• Deficiencies in the enzymes required to synthesize or recycle BH4 result in a clinical syndrome that is largely indistinguishable from PKU, as BH4 is a necessary cofactor in the reactions catalyzed by PAH.

• These disorders are inherited in an autosomal recessive fashion and treatment ES with oral replacement of BH4.

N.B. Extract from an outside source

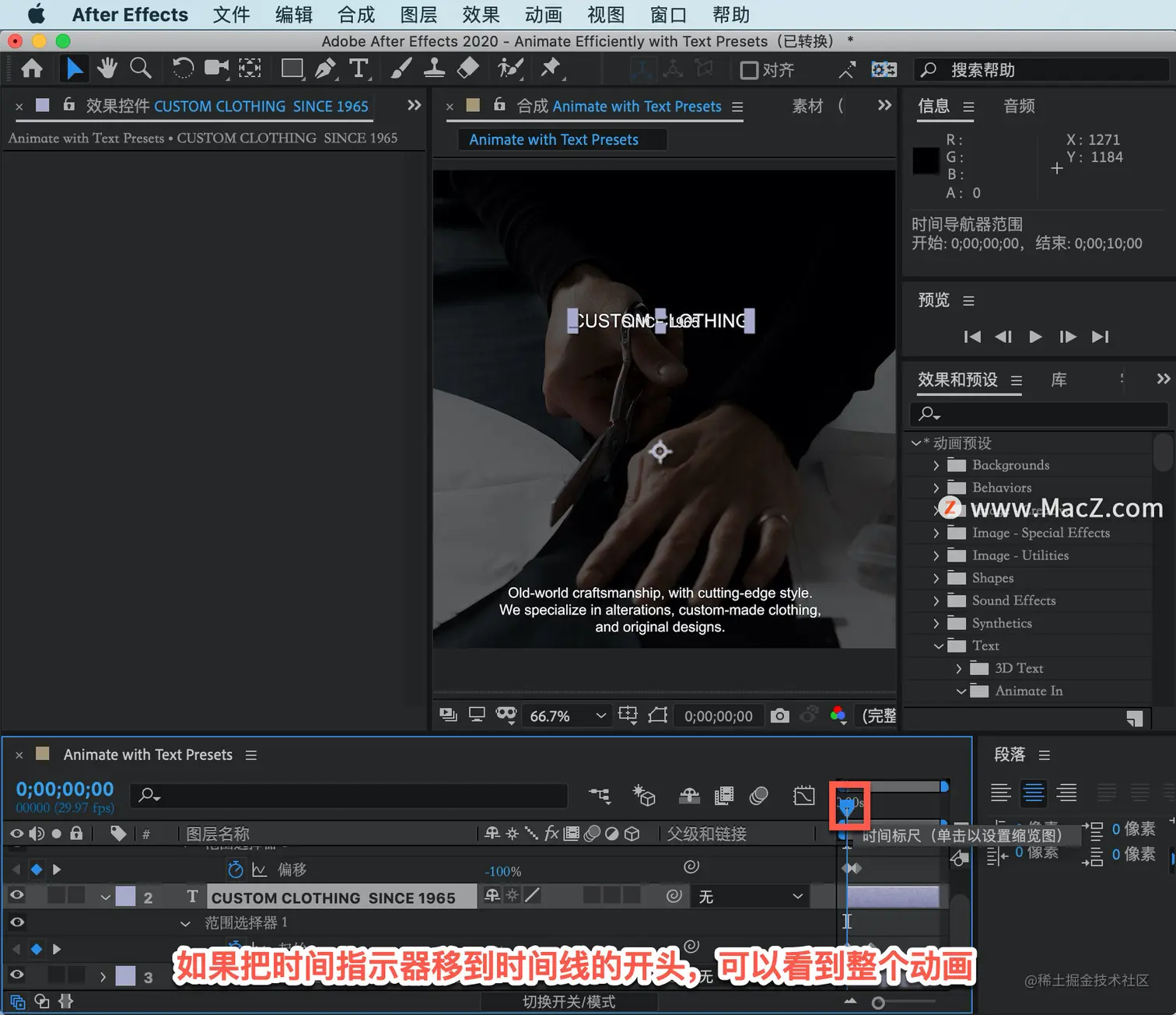 使用文本动画预设是一个很好的方法,可以了解更多关于 After Effects 中可能的内容。如果对预设的计时不满意,始终可以打开「时间轴」并滑动关键帧以进行调整。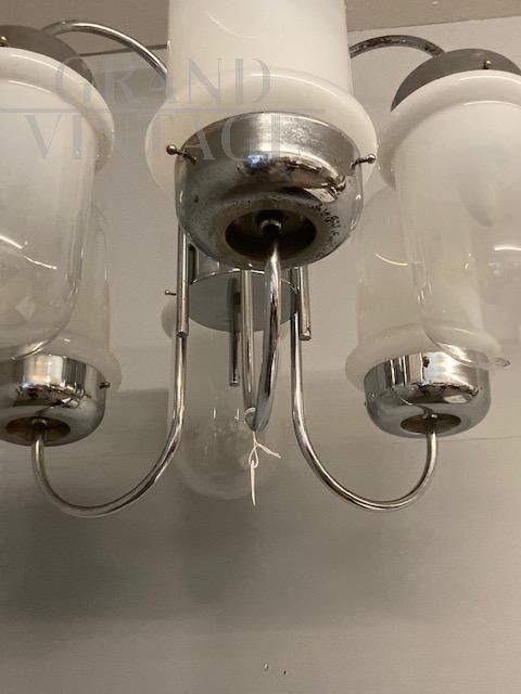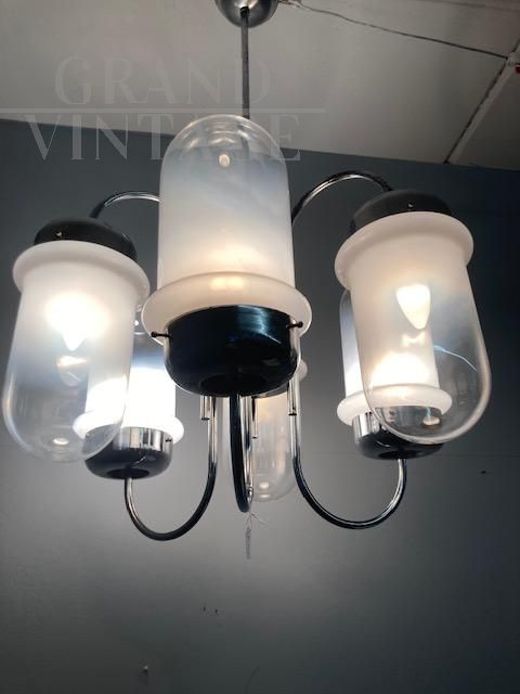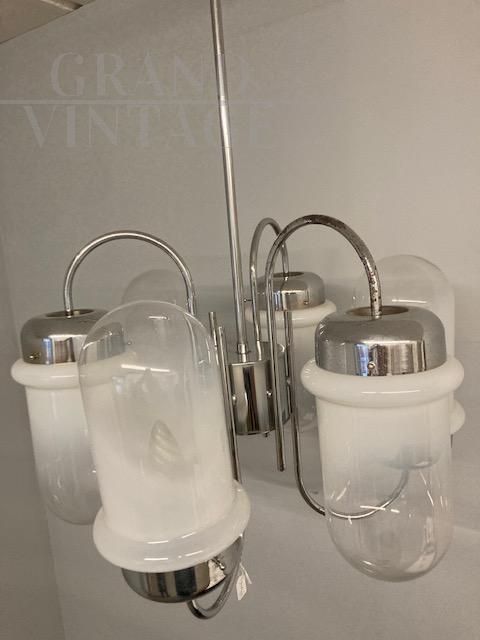 Lampadario vintage anni '70 in vetro di Murano trasparente sfumato bianco con sei luci su struttura cromata. In buono stato, con segni di vissuto nella cromatura. Impianto revisionato.

• Metabolism of tetrahydrobiopterin (BH4) is deficient in a small subset of patients with phenylketonuria (PKU). The majority of patients with PKU have a deficiency in the enzyme phenylalanine hydroxylase (PAH) that converts phenylalanine to tyrosine. Deficiency results in accumulation of phenylalanine and its metabolites phenylacetate and phenyllactate.

• However defects in enzymes that either produce or recycle BH4 can have similar clinical manifestations since BH 4 is a required cofactor for the function of PAH. It is also used as a cofactor for the enzymes tyrosine hydroxylase and tryptophan hydroxylase.

• Autosomal recessive mutations in these enzymes result in impaired metabolism and recycling of BH4.

Clinical manifestations include neurotransmitter deficiency in addition to symptoms normally associated with PKU: microcephaly, skin disease, seizures, and intellectual disability.